§ **What to work on**
Starting at the line that contains "Paket Usaha Cukur", quote every line through the end of the entries, word for word, skipping the pictures.

________________________

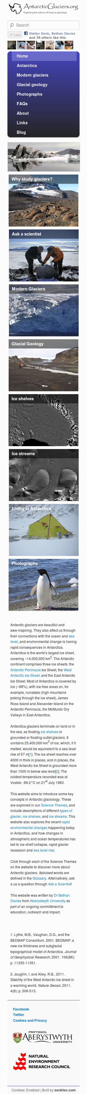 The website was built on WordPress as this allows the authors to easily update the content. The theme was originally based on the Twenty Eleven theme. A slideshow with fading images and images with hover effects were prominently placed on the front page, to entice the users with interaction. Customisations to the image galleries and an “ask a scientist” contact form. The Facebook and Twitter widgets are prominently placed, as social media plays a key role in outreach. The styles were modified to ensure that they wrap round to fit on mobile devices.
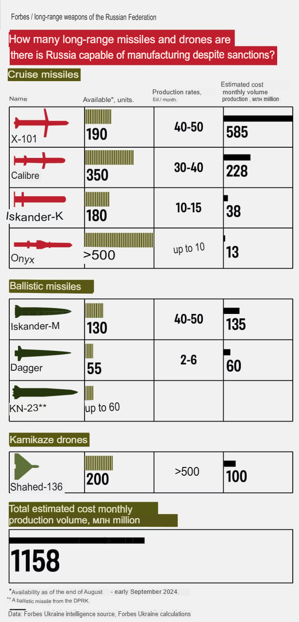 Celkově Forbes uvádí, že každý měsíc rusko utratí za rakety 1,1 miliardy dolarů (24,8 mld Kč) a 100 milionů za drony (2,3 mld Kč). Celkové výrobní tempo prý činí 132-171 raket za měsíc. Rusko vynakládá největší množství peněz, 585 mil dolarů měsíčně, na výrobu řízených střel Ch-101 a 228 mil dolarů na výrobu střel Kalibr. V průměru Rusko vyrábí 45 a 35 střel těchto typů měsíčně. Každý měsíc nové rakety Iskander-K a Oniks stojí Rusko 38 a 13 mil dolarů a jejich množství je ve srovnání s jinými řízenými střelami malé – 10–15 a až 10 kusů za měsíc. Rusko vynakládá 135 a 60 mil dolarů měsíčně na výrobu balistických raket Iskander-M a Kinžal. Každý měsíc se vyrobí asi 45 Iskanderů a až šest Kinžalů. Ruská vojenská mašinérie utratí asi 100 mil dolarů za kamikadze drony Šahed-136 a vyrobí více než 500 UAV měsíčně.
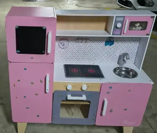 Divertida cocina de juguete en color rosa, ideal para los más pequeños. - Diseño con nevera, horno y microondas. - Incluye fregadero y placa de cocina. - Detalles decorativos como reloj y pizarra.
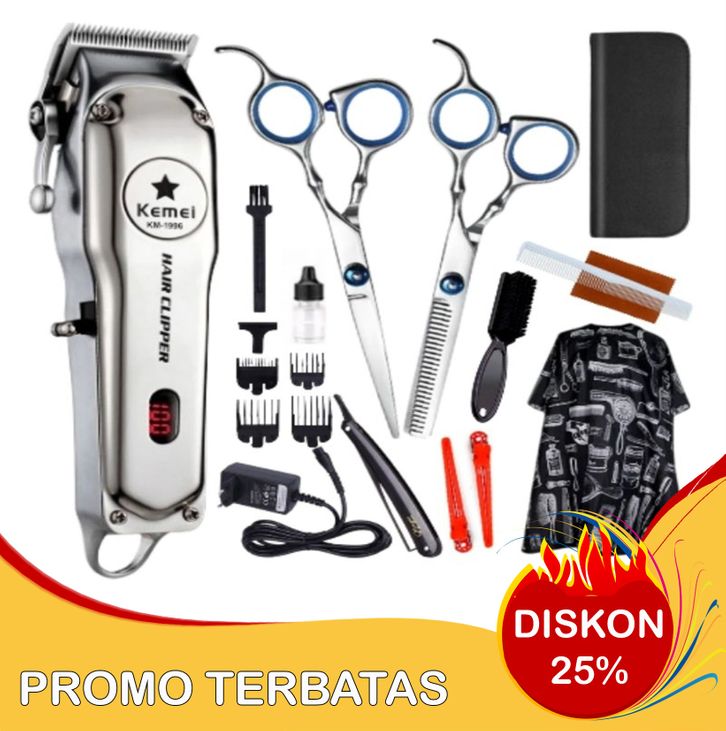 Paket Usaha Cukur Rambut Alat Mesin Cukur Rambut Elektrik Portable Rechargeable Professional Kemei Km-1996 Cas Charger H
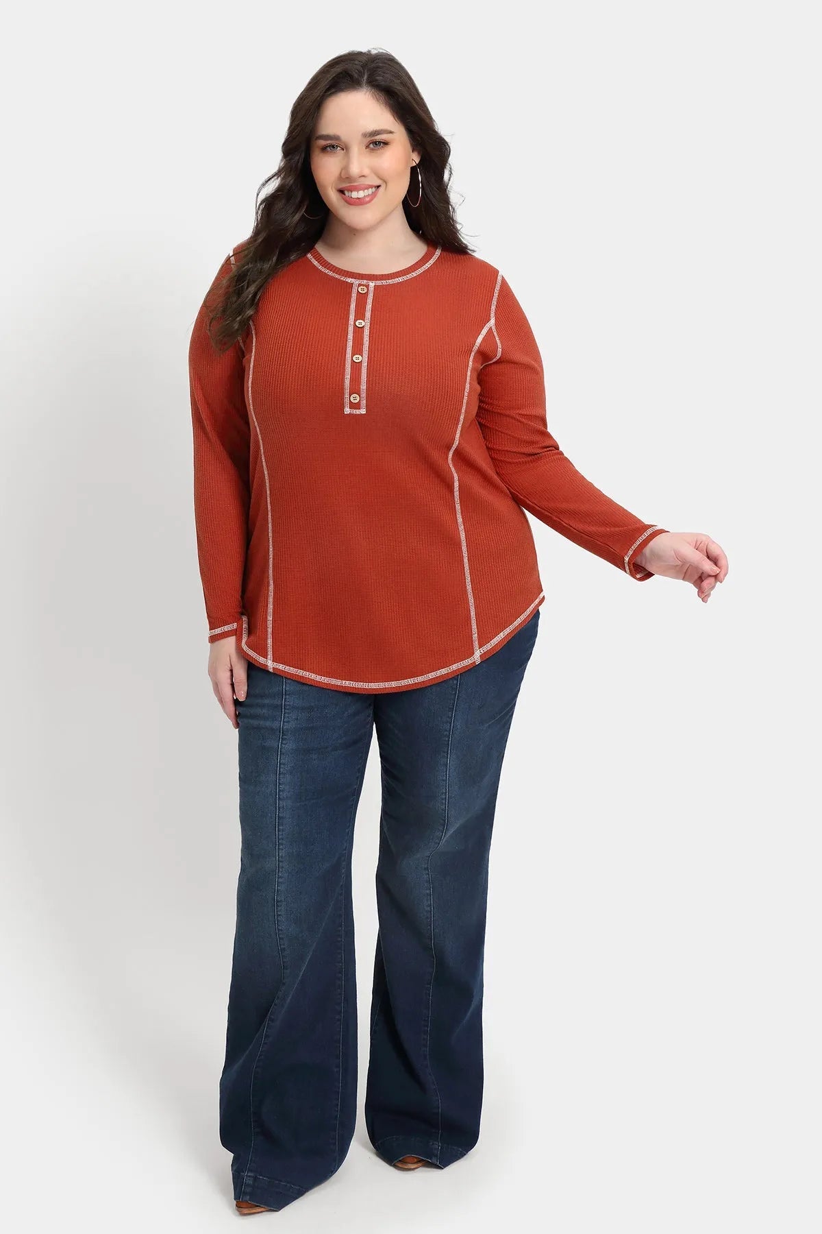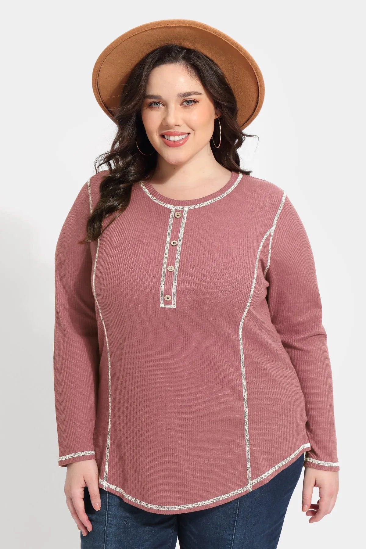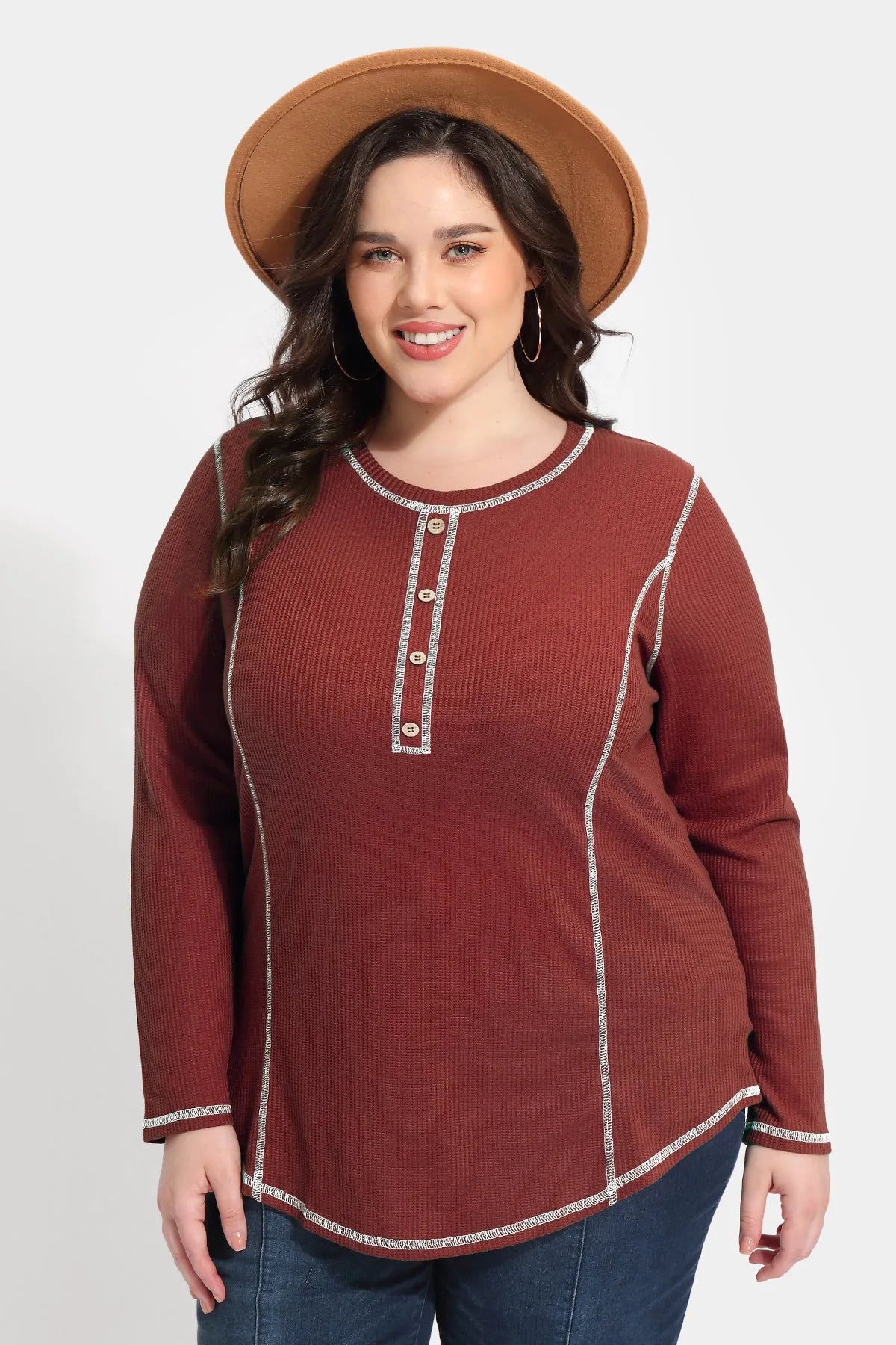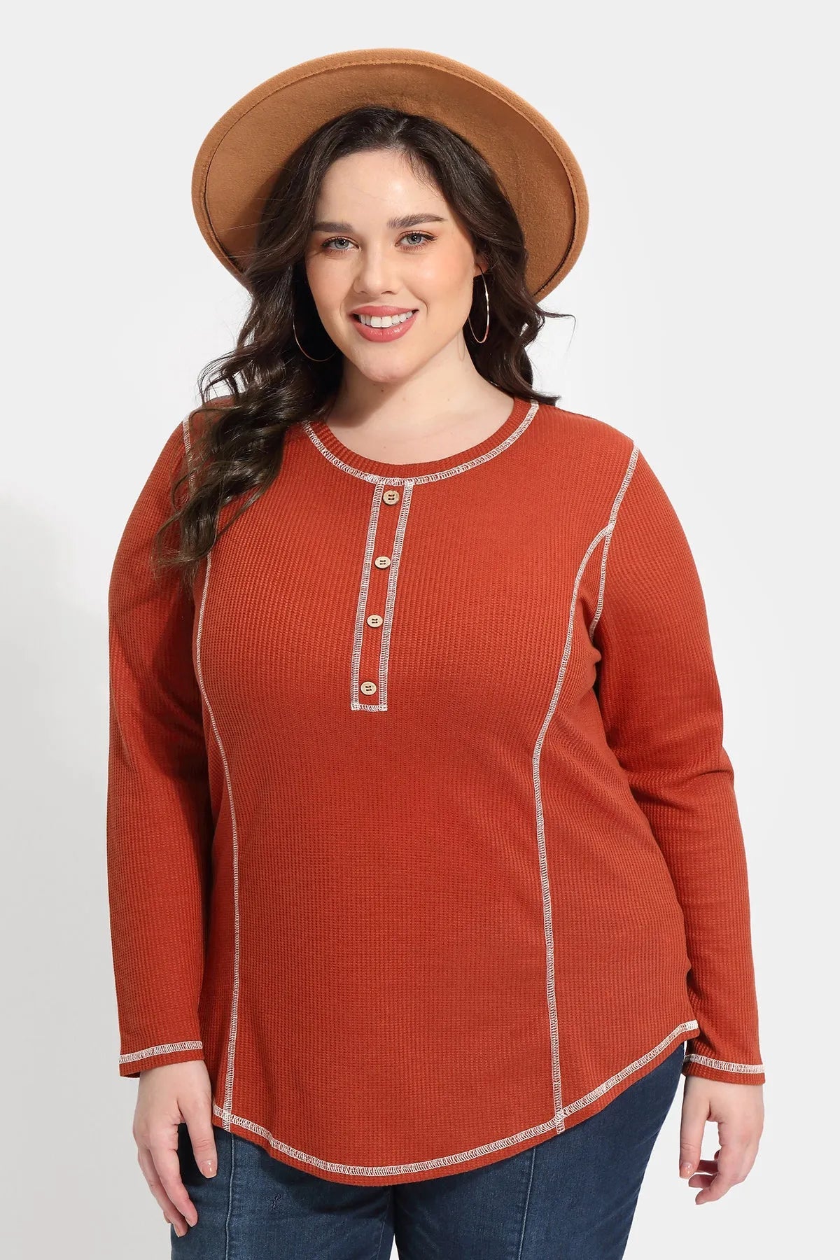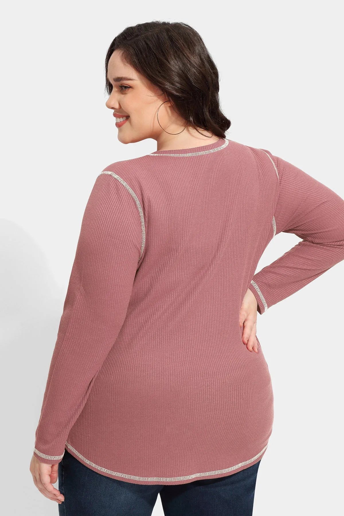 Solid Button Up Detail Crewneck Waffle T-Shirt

________________________

§ **Solved exercise**
 Paket Usaha Cukur Rambut Alat Mesin Cukur Rambut Elektrik Portable Rechargeable Professional Kemei Km-1996 Cas Charger H
 Solid Button Up Detail Crewneck Waffle T-Shirt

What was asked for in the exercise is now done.